In another conversation, published by L'Espresso magazine, Berlusconi - at a time when he was just the opposition leader - pressures a state TV manager to find a role for a little-known starlet who keeps saying the prime minister wants to block her career. One would wonder why. Anyway, that's a plain Italian-style recommendation, and not based on work merits.
A plethora of right-wing journalist, and of course politicians of his coalition, rose up to defend Silvio: his private life is his business, shame on the communist judges and journalists who revel in listening to his conversations. Many Berlusconi voters would probably think the same. After all, everybody makes recommendations in Italy, and most Italians didn't understand what the fuss was about, when the US got stuck into the Clinton-Lewinsky affair. The concept of resigning must be so absurd that nobody even mentions it. If somebody dared to, he would be quickly ridiculed.
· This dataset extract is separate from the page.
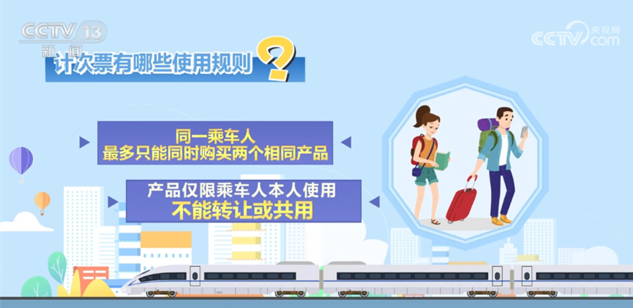 铁路12306科创中心高级技术经理 王永峰:20次计次票指的是旅客可以在90天内最多使用20次,在购买产品时指定区间、指定席别的这样一个产品。定期票指的是一个可以在30日内最多乘坐60次指定区间和席别的车次。目前,计次票是按照常规票价的九五折来进行定价,定期票有一个上限次数是30日最多乘坐60次,但是我们定价是按照44次来定价。
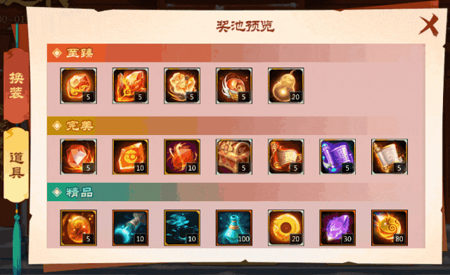 ▼ 换装 & 道具奖池:

Yet, nobody seems to get the ethical point. Shouldn't the prime minister explain to his voters if the "qualities" of one of his female ministers were a factor in giving her the job? Doesn't anybody see anything wrong in a prime minister who, when not even in power, uses his influence to favour somebody's career - in Berlusconi's case with a clear conflict of interests, as he appears to have a say in the decisions of the company that rivals his three TV channels? And don't Berlusconi's female voters have anything to complain about how these episodes confirm the depressing situation of "equal opportunities" in Italy?
In some Northern European countries, it would have taken much less to prompt a politician to resign spontaneously. Last April, Finland's Foreign minister resigned after the media exposed his sending improper text messages to a dancer. In October 2006, Sweden's culture minister resigned after she admitted paying a nanny under the table. But it's not just civil Scandinavians that can look down on Italians. In July 2007, Japan's defence minister resigned after suggesting that the atomic bombings of Hiroshima and Nagasaki were inevitable. Last January, Malaysia's health minister resigned Wednesday after acknowledging that he and a female friend were the couple in a secretly filmed sex video. And right today, Kenya's finance minister has resigned after being named in a corruption scandal. Had these cases happened in Italy, it wouldn't have been enough to get a resignation. And whoever had been caught in one of these scandals, they would have said it was all a plot against them.